Les déboires de l’EPR continuent. EDF devrait annoncer vendredi un report de la date de démarrage de son réacteur nucléaire de troisième génération et une hausse du coût du chantier dans sa centrale de Flamanville (Manche).
«Ils vont annoncer un coût de 5 milliards d'euros et un retard de deux ans» pour le démarrage, fixé déformais à 2014, a indiqué à l’AFP une source syndicale, qui a souhaité garder l'anonymat.
Le coût du chantier de l’EPR était au départ fixé à 3,3 milliards d'euros. Il avait déjà été réévalué à 4 milliards d'euros en décembre 2008 en raison notamment de la hausse des cours des matières premières.
«Je pense qu'ils sont en dessous de la réalité, que le coût du chantier est plutôt de 6 milliards d'euros, ce qui n'est pas aberrant pour une première construction», a ajouté cette source syndicale.
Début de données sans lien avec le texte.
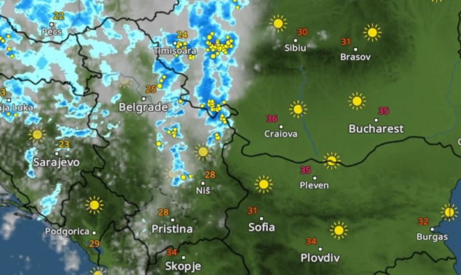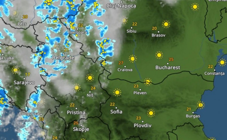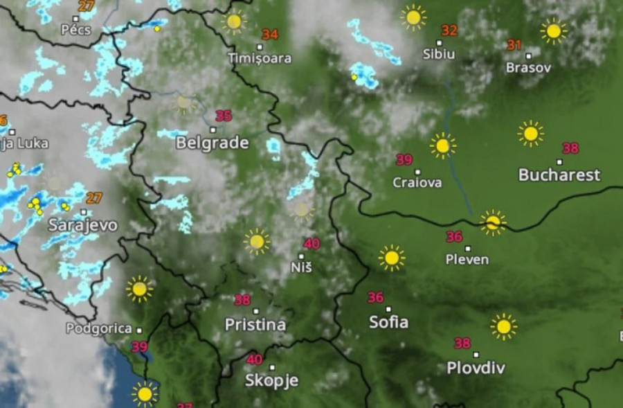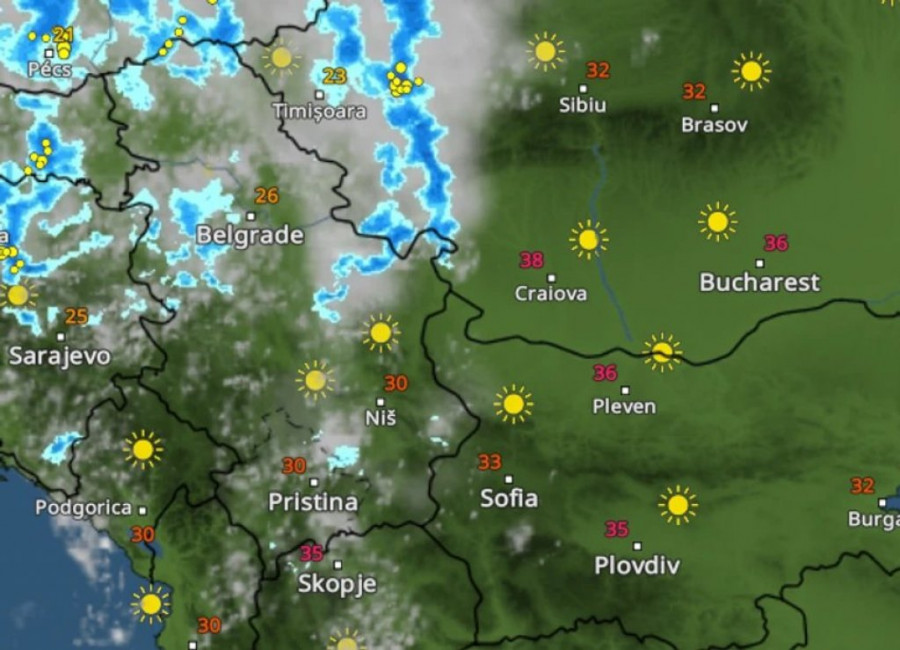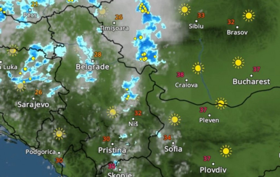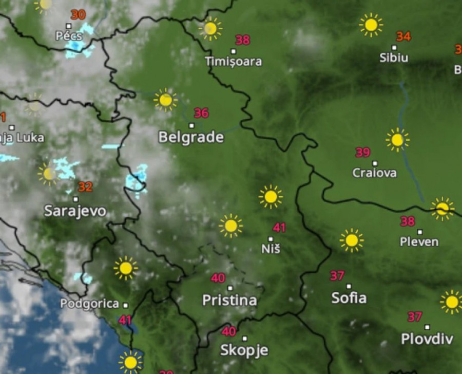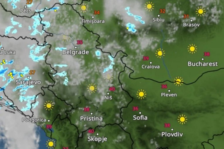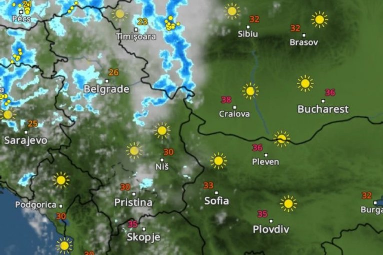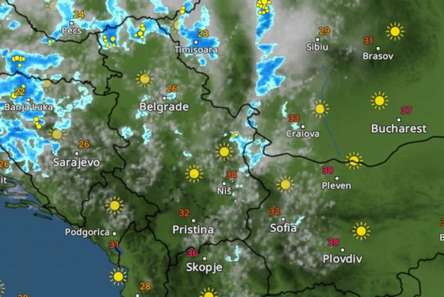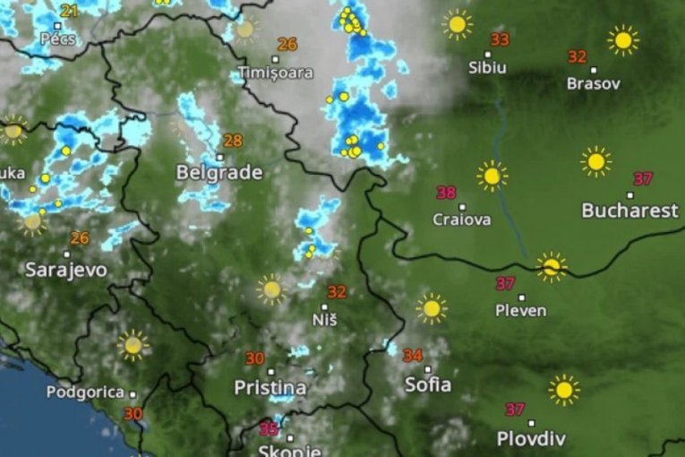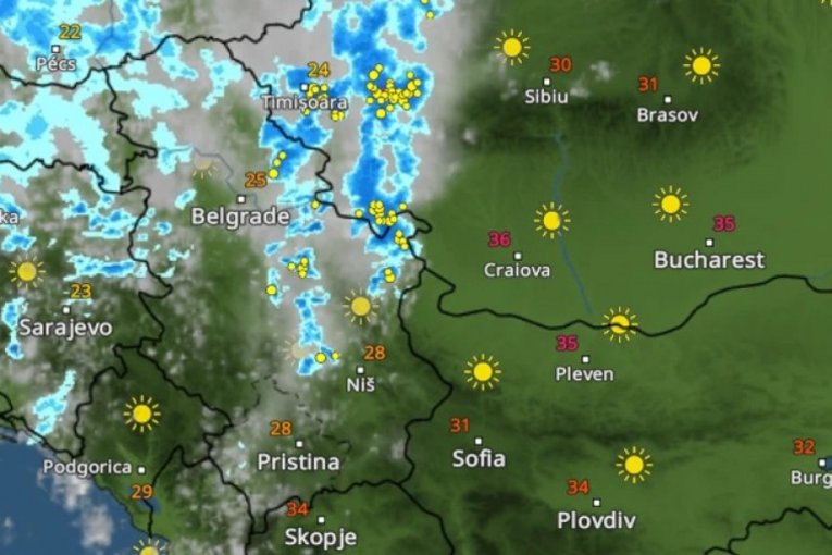 - Lokalno se očekuju vremenske nepogode: obilni plјuskovi sa grmlјavinom, grad i kratkotrajno jak i olujni severozapadni vetar u zoni najintenzivnijih plјuskova. Najviša dnevna temperatura od 25 na severozapadu do 33 stepni Celzijusovih na jugu i jugoistoku zemlјe - navodi RHMZ.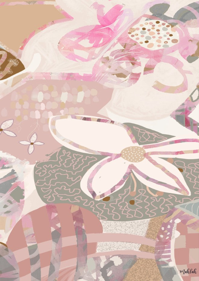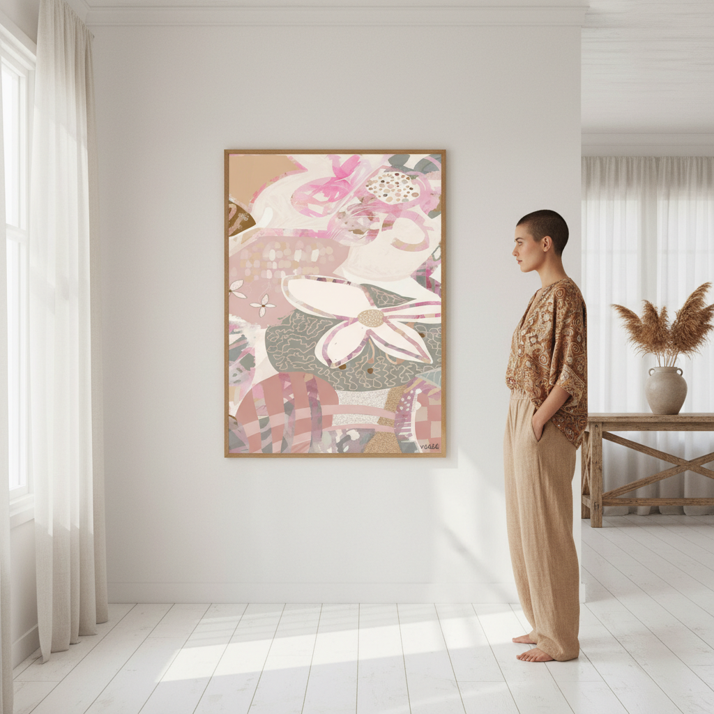 Sacred Bloom by Inkheart Designs brings contemporary artistry to your space with a sophisticated composition of botanical and geometric elements. This striking piece features vibrant florals interwoven with clean linear shapes, all set against a serene light pink backdrop that grounds the composition. The interplay between organic and structured forms creates visual depth, making it an ideal choice for modern interiors seeking both colour and refinement. Perfect for adding personality to living spaces, bedrooms, or creative studios.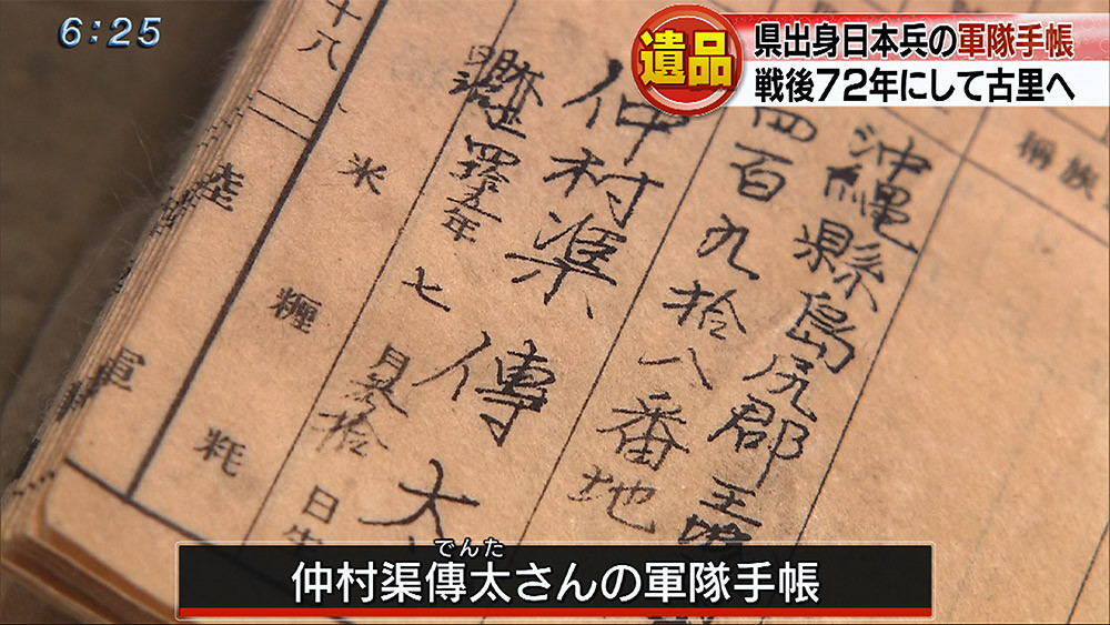 見つかったのは、玉城村出身で沖縄戦で死亡した仲村渠傳太さんの軍隊手帳です。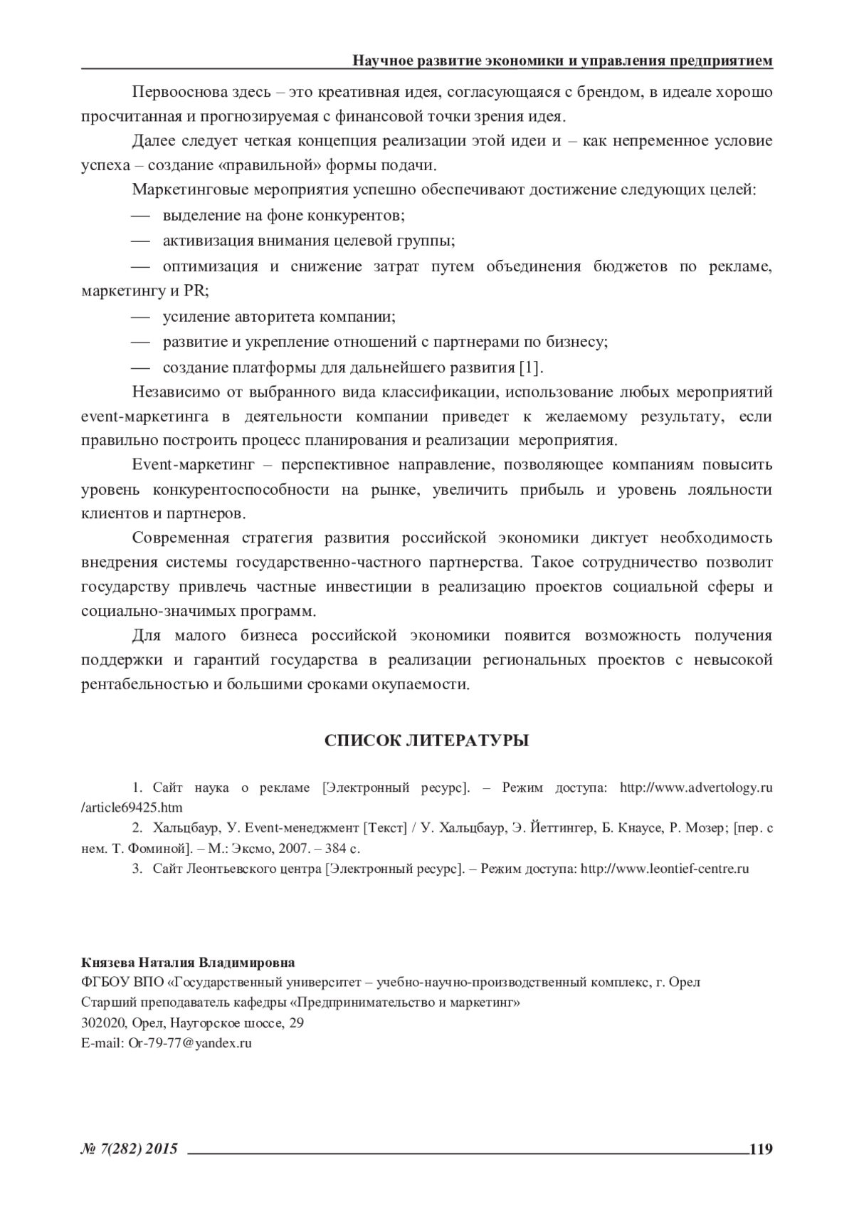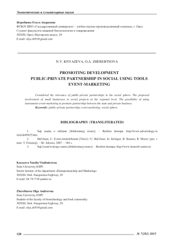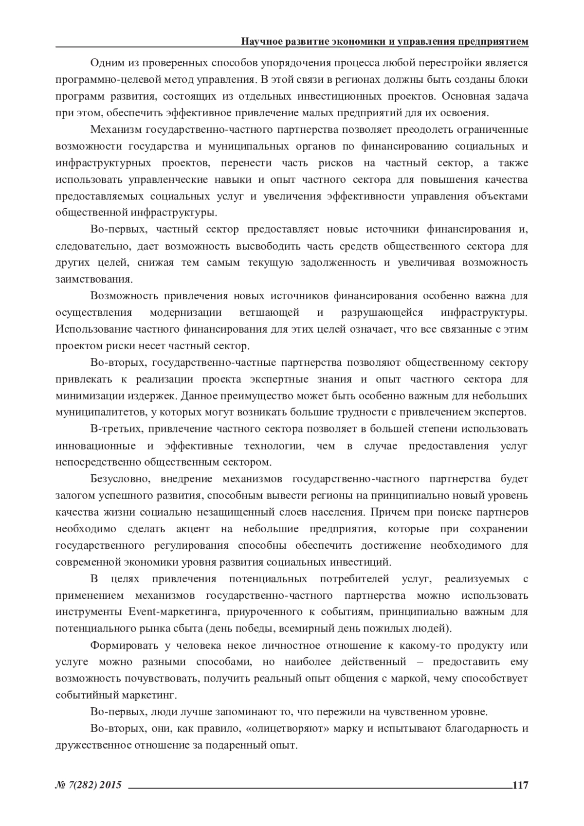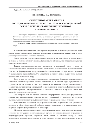 Статья: СТИМУЛИРОВАНИЕ РАЗВИТИЯ ГОСУДАРСТВЕННО-ЧАСТНОГО ПАРТНЕРСТВА В СОЦИАЛЬНОЙСФЕРЕ С ИСПОЛЬЗОВАНИЕМ ИНСТРУМЕНТОВ EVENT-МАРКЕТИНГА (2015)

La nouvelle n’est pas une surprise. Depuis plusieurs mois, la presse annonce un report de la date de démarrage et une hausse de la facture finale.
Mais EDF, qui publie ses résultats vendredi matin, n'a pas souhaité confirmer l’information. Une porte-parole a seulement rappelé à l'AFP qu' «un certain nombre d'études »étaient en cours «pour évaluer la situation et ses conséquences».
Cette annonce intervient alors que l’avenir de l’EPR est au centre de toutes les interrogations.
Publié mardi par l’Elysée, le rapport de l’ancien patron d’EDF, François Roussely, estime que sa «crédibilité (...) et la capacité de l’industrie nucléaire française à réussir de nouvelles constructions de centrales ont été sérieusement ébranlées par les difficultés rencontrées sur le chantier finlandais d’Olkiluoto et sur celui de la troisième tranche de Flamanville».
Mené par le groupe Areva, le chantier de l'EPR en Finlande accuse déjà 4 ans de retard sur son calendrier initial.
Le rapport propose donc un plan d’urgence pour garantir la construction du réacteur dans la centrale de la Manche. Plus globalement, il conseille également d’optimiser l’EPR pour le simplifier et le rendre moins cher.